Mas a crise sanitária trocou as voltas a meio mundo e tem causado prejuízos aos vendedores de peixe do Mercado do Livramento, que falam em quebras na ordem dos 50% e até 70%. Não é o caso de Ana Paula, que até tem tido alguns dias melhores do que antes do covid-19, só foi apanhada na curva com este início de semana. E sem ter grande fé de que a procura aumente nos próximos dias: "Vem o feriado e a partir de quinta-feira vão fechar o concelho." "As famílias não se podem juntar para festejar", acrescenta Delcina Frazão, da pedra ao lado.
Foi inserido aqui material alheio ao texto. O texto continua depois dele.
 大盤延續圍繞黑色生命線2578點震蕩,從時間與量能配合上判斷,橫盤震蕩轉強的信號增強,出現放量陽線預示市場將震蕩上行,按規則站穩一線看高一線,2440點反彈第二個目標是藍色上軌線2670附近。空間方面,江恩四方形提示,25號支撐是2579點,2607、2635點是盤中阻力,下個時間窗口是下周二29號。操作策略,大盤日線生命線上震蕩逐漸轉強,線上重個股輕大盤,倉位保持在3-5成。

O que se passou nesta terça-feira Ana Paula não sabe exatamente - "hoje até dá para estar sentada". Na banca há peixe que mete cobiça: douradas que imaginamos escaladas na grelha ou no forno, peixe para uma bela caldeirada, tamboril para o arroz, pescada para cozer com legumes... Peixe não falta e imaginação também não, só faltam os clientes.
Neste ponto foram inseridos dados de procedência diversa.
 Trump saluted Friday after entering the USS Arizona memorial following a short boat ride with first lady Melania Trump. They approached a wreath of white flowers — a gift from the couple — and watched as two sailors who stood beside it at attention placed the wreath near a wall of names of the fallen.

E porque é que o negócio estava a correr melhor do que antes da pandemia do novo coronavírus? Uma das razões, explicam as duas peixeiras, é que os clientes não compram só para si, levam para os pais e para os sogros. Mas há outra, no ver de Ana Paula: "A procura tem que ver com os restaurantes estarem fechados. Não comem lá, comem em casa!"
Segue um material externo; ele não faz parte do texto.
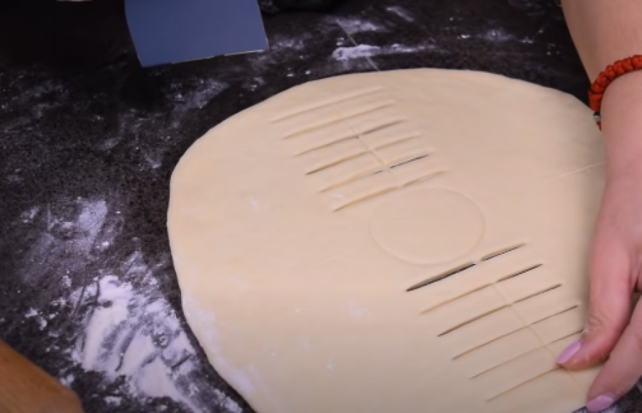 Testo podelite na dva jednaka dela. Onda ga oklagijom premesite i stavite u pleh. Drugu polovinu testa više rastanjite. Uzmite modlicu i pritisnite u sredini. To bi trebalo ovako da izgleda:

Olha-se para o mercado e sente-se falta do habitual ruído de fundo, dos pregões, das conversas dos fregueses. Nos corredores com pedra da calçada anda-se tranquilamente, muito diferente dos dias em que se circula aos encontrões. A distância de segurança nem sempre é cumprida e nem toda a gente traz máscaras ou luvas, mas ainda assim há muita gente que se tenta proteger.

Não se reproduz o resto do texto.